How to directly transfer data between mlx5 and GPU's memory in RDMA

Dear support,

I have mlx5 NIC and PCIe GPU (non-Nvida, each GPU has12GB HBM).

The GPU’s HBM has been exposed to user space by mmap.

Now, I want to directly transfer data between my GPUs via the IB adapters like below:

App - (GPU - MLX5) ------ (MLX5 - GPU) - App

However, the mlx5_ib_reg_user_mr() always fail due to get_user_pages() return -14.

I tried to use remap_pfn_range() in my GPU driver’s mmap(), but get_user_pages() fails as VM_IO or VM_PFNMAP set.

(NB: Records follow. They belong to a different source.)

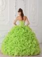 Ball Gown Strapless Organza Yellow Green Popular Quinceanera Dresses with Beading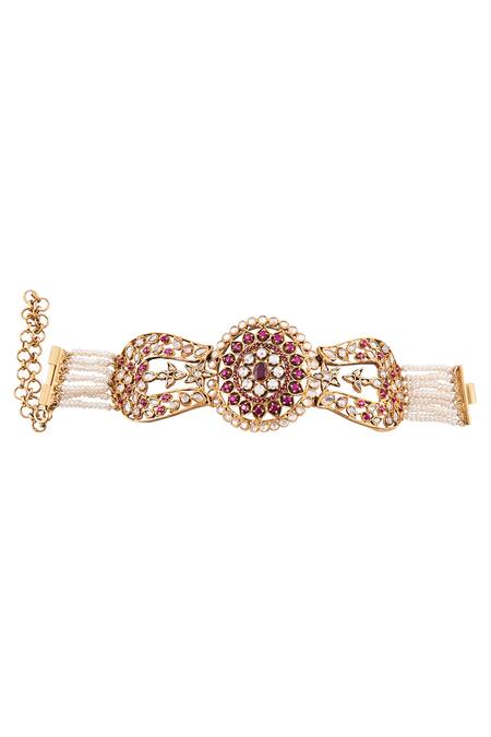 Motifs are inspired by the regal architecture of India and handcrafted into silver jewelry. This is an ornately crafted gold polish bracelet, set with crystals and fresh water pearls. Made in Jaipur, Rajasthan.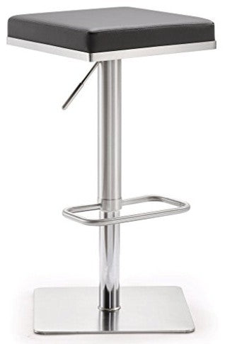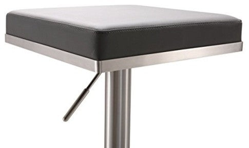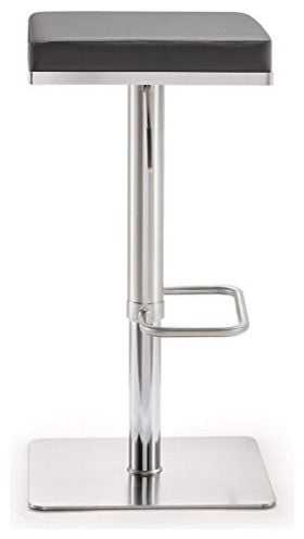 Furnish your kitchen or bar area in contemporary style with the Bari stool from TOV. The solid stainless steel frame provides a sturdy base, while the plush seat and footrest ensure maximum comfort. The combination of angles and gentle curves gives this stool an eye-catching appearance, while the neutral color allows it to match well with any decor.CA117-2013 Fire Retardant FoamStainless steel frame and footrestAdjustable seat height with gas lift360° Swivel seatComfortable eco leather upholstered seatSquare base with rounded cornersFor residential or commercial useAvailable in black, white or greyMinor assembly requiredFoam Type : CA117-2013 Fire Retardant FoamProduct Color : GreyProduct Materials : Stainless SteelLeg Color : Stainless SteelLeg Material : Stainless SteelSeat Width : 14.4"Seat Depth : 14.4"Seat Height : 21.65"Dimensions : 14.4"W x 14.4"D x (21.65 - 31.5)"HProduct Weight : 27.5 LBs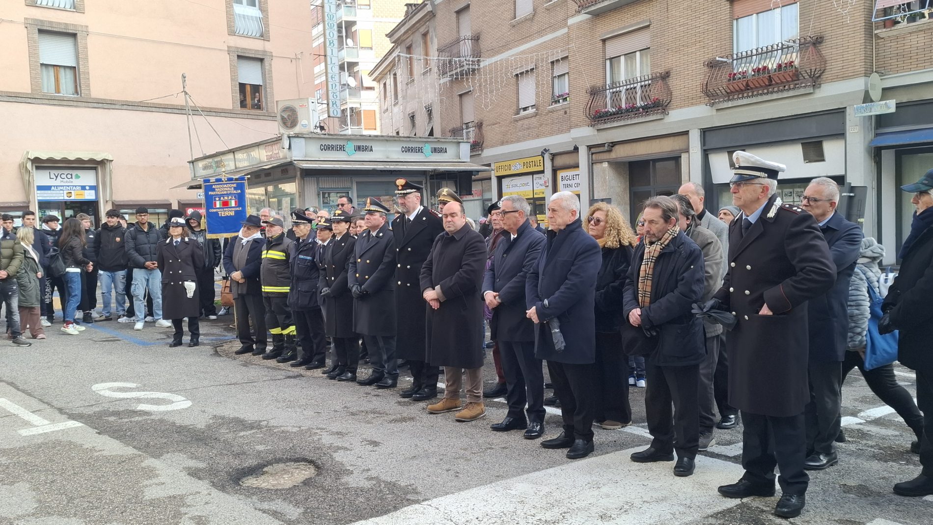 Poca gente – comunque più dello scorso anno – in piazza Corona per la cerimonia di commemorazione della giornata della Memoria davanti alla targa in quella stessa piazza un tempo denominata piazza Giudea, ritrovo di una comunità ebraica ormai quasi scomparsa a Terni.

I also tried to use fault()/vm_insert_mixed() in the mmap(), but get_user_pages() still fails as no “struct page”.

Is it possible to transfer data in my way just using PeerDirect, without using GPUDirect (CUDA)?

If not, could you guide me how to enable RDMA transfer on my PCIe devices?

Thanks.

Hi,

It is not possible to transfer data using PeerDirect, without using GPUDirect.

Please refer to Mellanox GPUDirect user manual, for system requirements (for example, CUDA), how to install GPUDirect RDMA & benchmark tests.

User Manual: https://www.mellanox.com/sites/default/files/related-docs/prod_software/Mellanox_GPUDirect_User_Manual.pdf

Regards,

Chen